Alessandro Cinquini has gone public to warn women across the globe that imposters have stolen his photographs from social media platforms to create “catfish” style profiles that offer love but target money.

News 6 sent 15 questions to her in advance so Dimova could translate and prepare responses during a Zoom interview.

She said she met the Alex imposter on Instagram back on March 26. According to Dimova, the conversation went from casual to romantic very quickly.

“After two days, he told me he was in love with me,” Danya told News 6. “Every day, he tell me he want to buy a house in Bulgaria and live together.”

Cinquini told News 6 the imposters have never stopped using his photos and he assured us he never contacted Dimova.

They have my old pictures from my old life,” Cinquini said. “Most of those pictures aren’t on my Instagram anymore. I canceled them years ago.”

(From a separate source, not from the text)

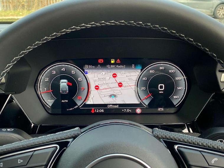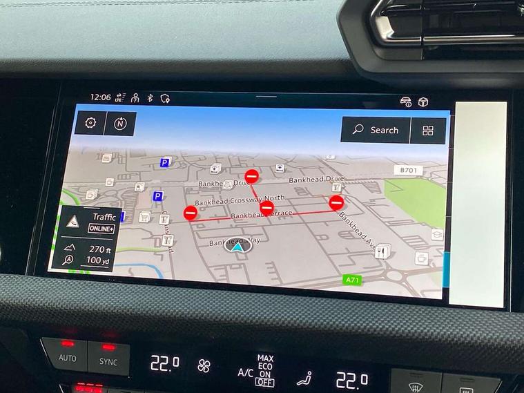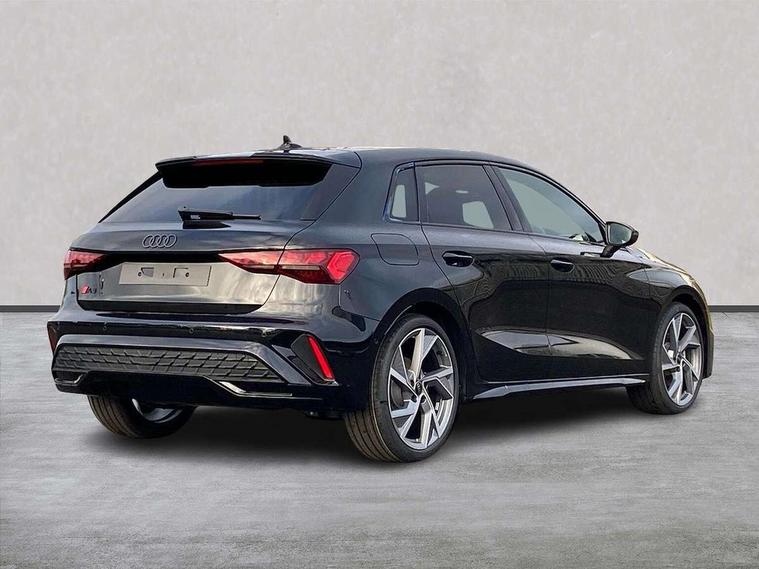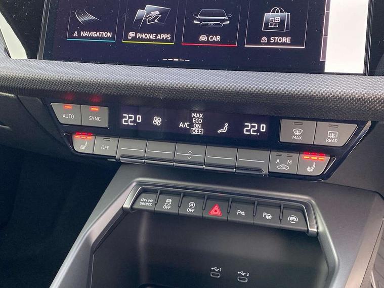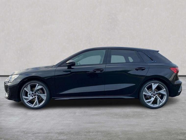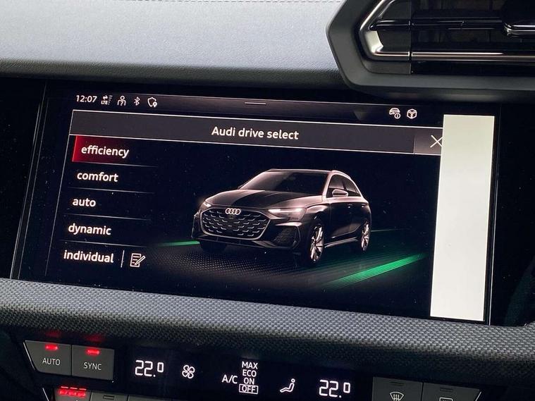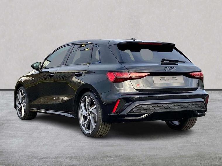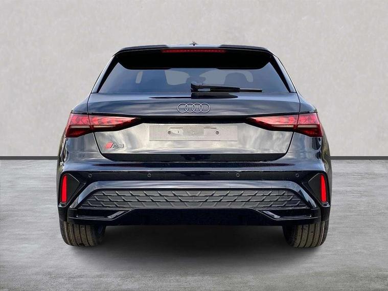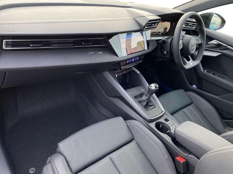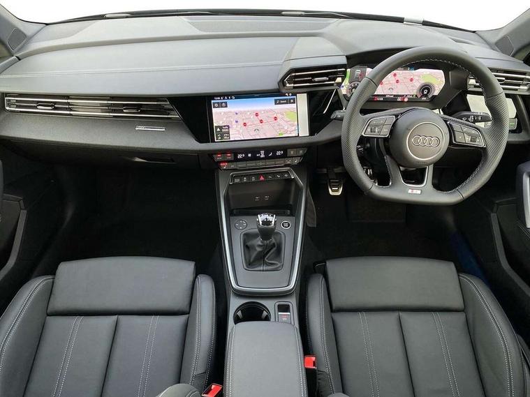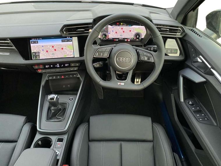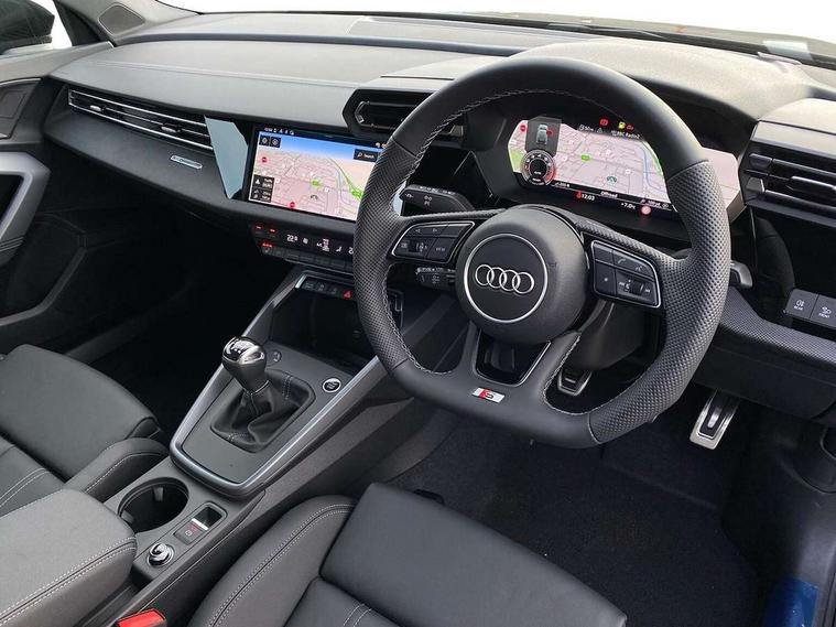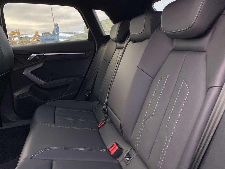 Adjustable speed limiter, Audi drive select, Audi smartphone interface with app store includes wireless Apple carplay, Android auto and Amazon alexa integration, Audi virtual cockpit plus - 12.3" full HD resolution dynamic digital instrument cluster, Automatic start/stop system with recuperation, Bluetooth interface, Camera based traffic sign recognition, Collision avoidance assistant, Cruise control, Distraction and Fatigue warning, e-Call (emergency call), Electromechanical power speed sensitive steering, Lane departure warning system, MMI Navigation Plus with high resolution 10.1" colour touch screen display, Park Assist with parking system Plus, Service indicator, Trip computer, Voice control system with natural language interaction, Sports suspension, Audi Phonebox light with wireless charging, Audi sound system - 10 loudspeakers including centre loudspeaker and subwoofer, DAB Digital radio, USB ports with charging function in the rear, 3rd brake light, Acoustic glass windscreen, Anthracite grey Audi rings (front and rear), Audi beam uses LEDs to project the Audi logo onto the ground as you exit your A3, Auto dimming frameless rear view mirror, Black accents front and rear bumpers, Black accents in the area of the Audi single frame grille, Black accents window trims strips, Electrically adjustable/heated/folding/dimming door mirrors with kerb view includes integrated LED indications + kerb view function for passenger side, Exterior model badging, Front electric windows, Heat insulating glass windscreen, Illuminated door sills with aluminium inserts at the front with S logo, LED daytime running lights, LED headlights with LED rear lights and dynamic rear indicators, Light and rain sensors, Privacy glass - dark tinted rear window, rear door and side windows, Rear electric windows, Rear side wing doors, Rear wiper, S roof spoiler, 12V socket and storage compartment in front centre console, 3 seat bench in 2nd row, 3 spoke flat bottomed leather multifunction sport steering wheel with gear shift paddles, 3-zone deluxe automatic air conditioning, 4 way electrically adjustable lumbar support for driver and front passenger, 40/20/40 split folding rear seat bench, Black cloth headlining, Front and rear centre armrest in artificial leather, Front and rear headrests, Front/rear floor mats, Heated front seats, Height and reach adjustable steering wheel, Manual boot compartment lid, Manually adjustable front seats, S badging on the steering wheel, Seat side bolsters, Single front passenger seat, Stainless steel pedals and front footrest in black, Twin leather upholstery with front sports seats S embossed logo, Aluminium interior elements pack - A3 Sportback, Multi-coloured LED interior lighting pack - A3, 3x3 point rear seat belts, Driver and front passenger airbag with passenger airbag deactivation, Electronic Stabilisation Control (ESC) including ABS, ASR and EDL, First aid kit with warning triangle and 2 safety vests, Front side airbags with head airbags and interaction airbag, Hill hold assist, Pre-sense front with pedestrian and cyclist detection, Seatbelt monitoring, Tyre pressure loss indicator, Anti theft alarm, Anti-theft wheel bolts, Electronically operated child locks, Immobiliser, Remote control central locking, Inlays in black Impressum woven textile,

He told News 6 he currently works as a fleet operation center watch officer for Carnival Cruise Line.

Danya sent News 6 a voice message from a man claiming to be Alex.

“I love you, I love you,” the man said.

The voice sounded nothing like Cinquini

Danya said that voice recording was the only evidence she has. She never met the imposter face-to-face or spoke to him on FaceTime or Zoom.

Danya said she became suspicious when the imposter asked her to pay the shipping charges for her gifts. He sent her a Bank of America receipt to prove his account had been frozen.

According to the Federal Trade Commission, romance scams in the U.S alone netted an estimated $1.3 billion last year, impacting 70,000 men and women.